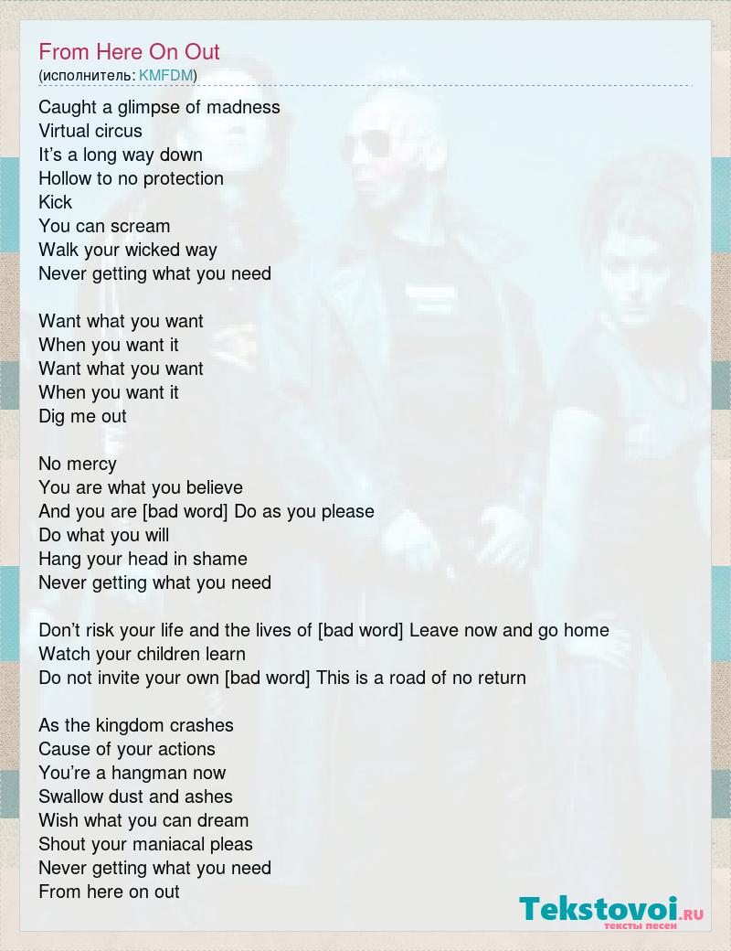 Caught a glimpse of madness Virtual circus It’s a long way down Hollow to no protection Kick You can scream Walk your wicked way Never getting what you need Want what you want When you want it Want what you want When you want it Dig me out No mercy You are what you believe And you are incomplete Do as you please Do what you will Hang your head in shame Never getting what you need Don’t risk your life and the lives of your comrades Leave now and go home Watch your children learn Do not invite your own destruction This is a road of no return As the kingdom crashes Cause of your actions You’re a hangman now Swallow dust and ashes Wish what you can dream Shout your maniacal pleas Never getting what you need From here on out
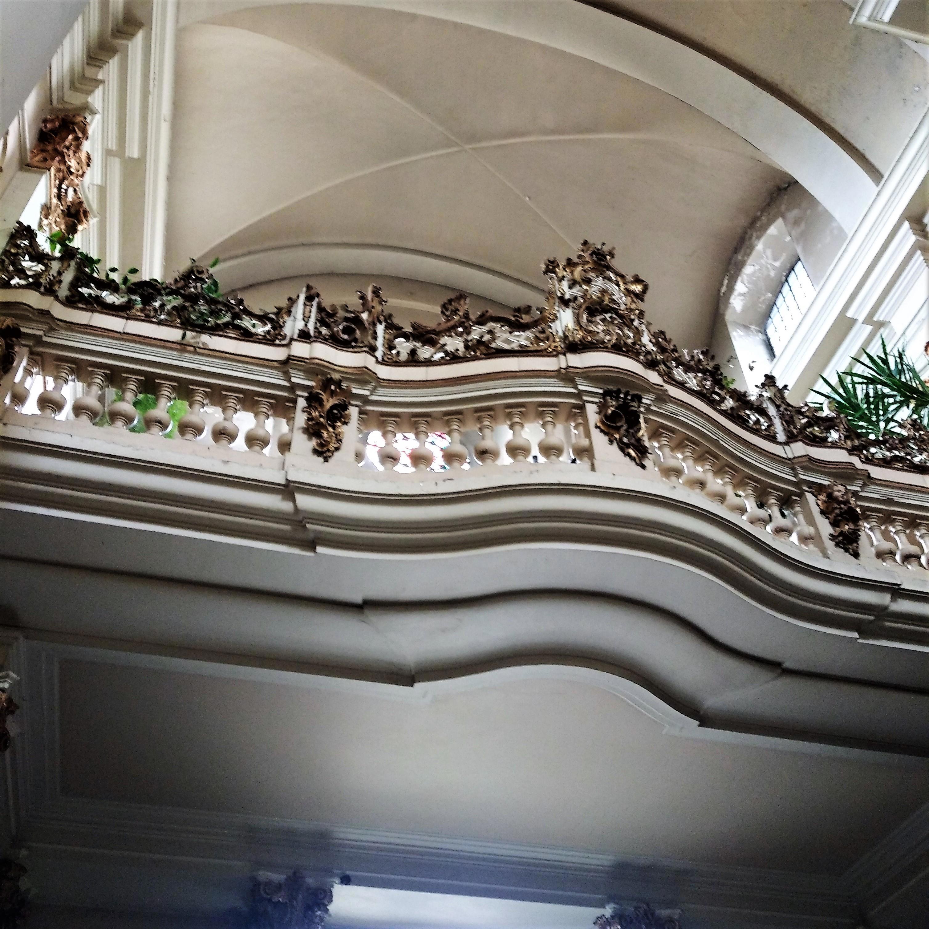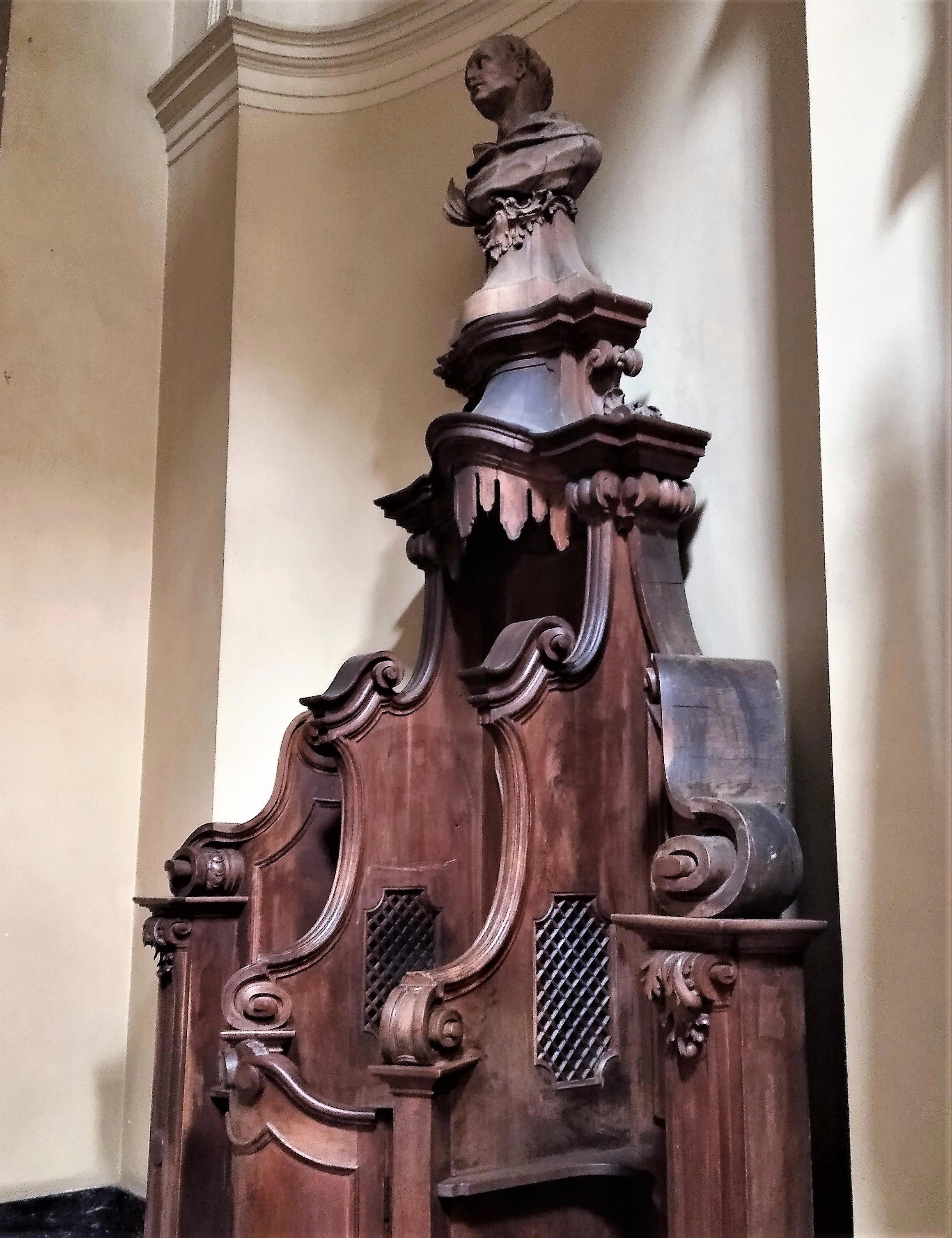 Старинная исповедальня (целиком не влезла). В ней ясные панны в густых вуалях покаянно шептали в окошко: benedicite, sancto patri, quia peccavi, но у него такой голос!
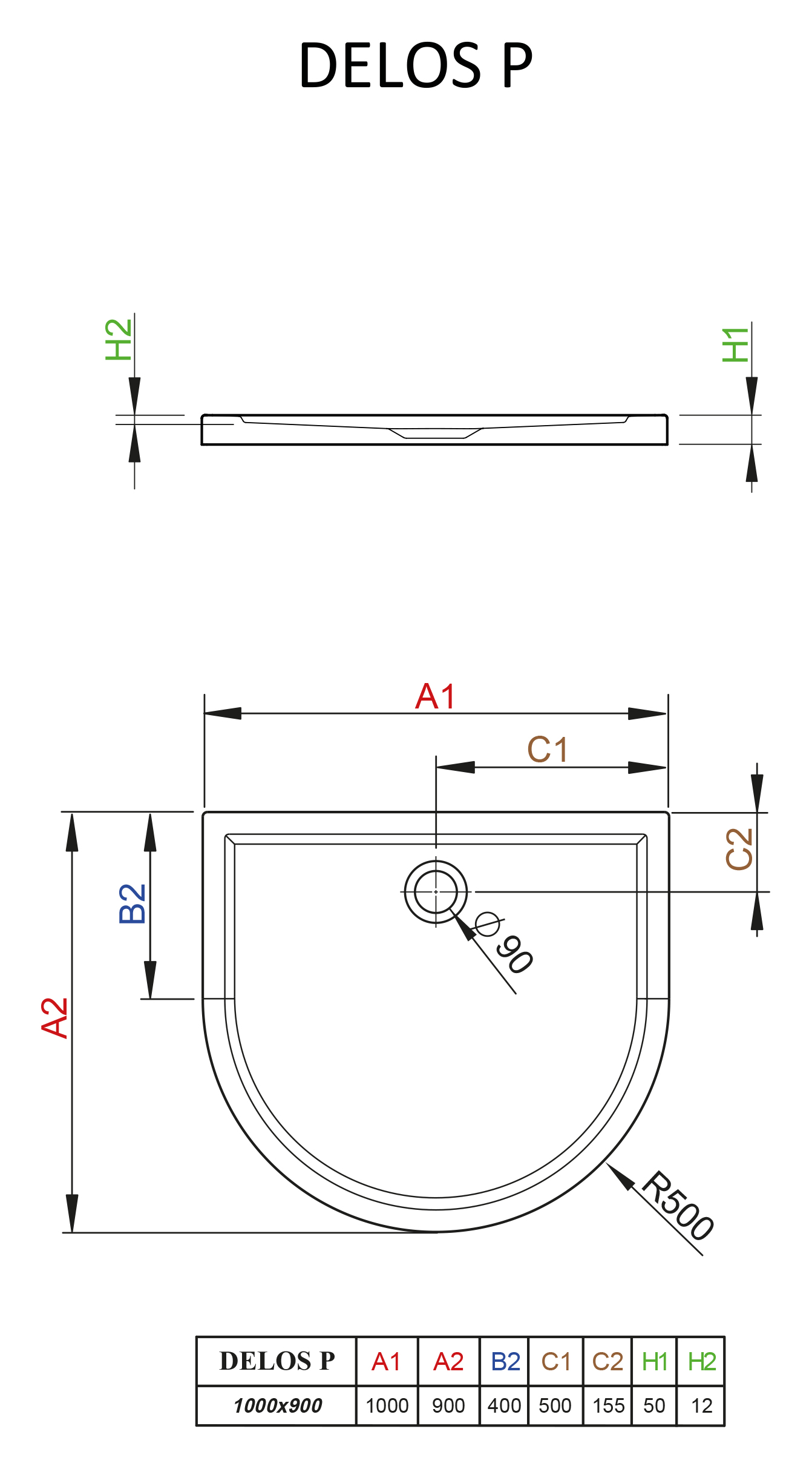 Цельнолитой душевой поддон Radaway Delos P 4Z19035-03N 90x100x5 из акрила, низкий, полукруглый.
++++
Please write out, exactly, every line from the line with "Старинная исповедальня (целиком" through the final line of the data above, leaving out pictures.

 Старинная исповедальня (целиком не влезла). В ней ясные панны в густых вуалях покаянно шептали в окошко: benedicite, sancto patri, quia peccavi, но у него такой голос!
 Цельнолитой душевой поддон Radaway Delos P 4Z19035-03N 90x100x5 из акрила, низкий, полукруглый.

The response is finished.